Arrojó a su cautivo, de un empellón, detrás de un pilar de granito, y le ordenó:

—No te muevas; manténte a resguardo. Tas abrió la boca para discutir, pero al estudiar la faz de Caramon, vencido el arrebato que le indujera a correr hacia la sacerdotisa, y reparar en la figura de Raistlin al otro extremo del pasillo, le asaltó el temor. Se sentía como en el Abismo.

—Sí, amigo —claudicó—, te aguardaré aquí.

Apoyándose en la columna, tembloroso y desazonado, el kender evocó el recuerdo del infortunado Gnimsh en el momento en que se desplomara sobre el suelo de aquella hedionda celda.

Tras lanzar al hombrecillo una última mirada, que no era sino una tajante advertencia, el general se alejó por el pasadizo en dirección a su hermano.

El mago examinó su avance.

—Así que has sobrevivido —comentó, una vez el hombretón se hubo plantado frente a él.

—Gracias a los dioses, no a ti —repuso Caramon.

—Gracias a uno de los dioses —corrigió el hechicero con una perversa mueca—. O, para ser más exactos, a una diosa —puntualizó—. A la Reina de la Oscuridad. Fue ella quien te envió al kender y, según presumo, ese pequeño entremetido alteró el curso de los acontecimientos y te salvó. ¿Te incomoda pensar que le debes la vida a Takhisis?

—¿Te incomoda a ti deberle tu alma? —contraatacó el guerrero.

Por unos segundos, los espejos que cubrían los ojos de Raistlin se resquebrajaron como si los hubiera hendido un proyectil. No obstante, pronto recobró la compostura, y desvió el cuerpo hacia el Portal para, ignorando a su gemelo, extender la palma y reanudar sus ritos.

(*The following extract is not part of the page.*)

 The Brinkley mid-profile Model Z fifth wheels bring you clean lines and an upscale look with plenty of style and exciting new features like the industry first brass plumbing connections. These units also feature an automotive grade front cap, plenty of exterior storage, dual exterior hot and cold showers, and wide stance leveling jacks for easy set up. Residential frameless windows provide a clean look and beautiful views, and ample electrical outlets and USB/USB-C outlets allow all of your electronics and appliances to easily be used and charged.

En postura grave, solemne, el nigromante invocó a la cabeza reptiliana situada en la parte inferior derecha del ovalado acceso.

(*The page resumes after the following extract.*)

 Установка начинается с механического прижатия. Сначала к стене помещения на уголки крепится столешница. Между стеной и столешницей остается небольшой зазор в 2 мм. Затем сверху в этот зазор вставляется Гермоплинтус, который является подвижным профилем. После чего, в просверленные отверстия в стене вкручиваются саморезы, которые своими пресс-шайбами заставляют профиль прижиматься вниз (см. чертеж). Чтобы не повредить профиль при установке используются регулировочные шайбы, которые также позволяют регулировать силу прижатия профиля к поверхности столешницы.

—Dragón Negro —entonó con tono acariciador—, desde la oscuridad a las tinieblas, mi voz resuena en el vacío.

No había terminado su cántico cuando una aureola de penumbra empezó a formarse alrededor de Crysania, un espectro de luz tan negra como la joya nocturna que, en su día, el hechicero entregara a Kitiara, como los efluvios de Nuitari.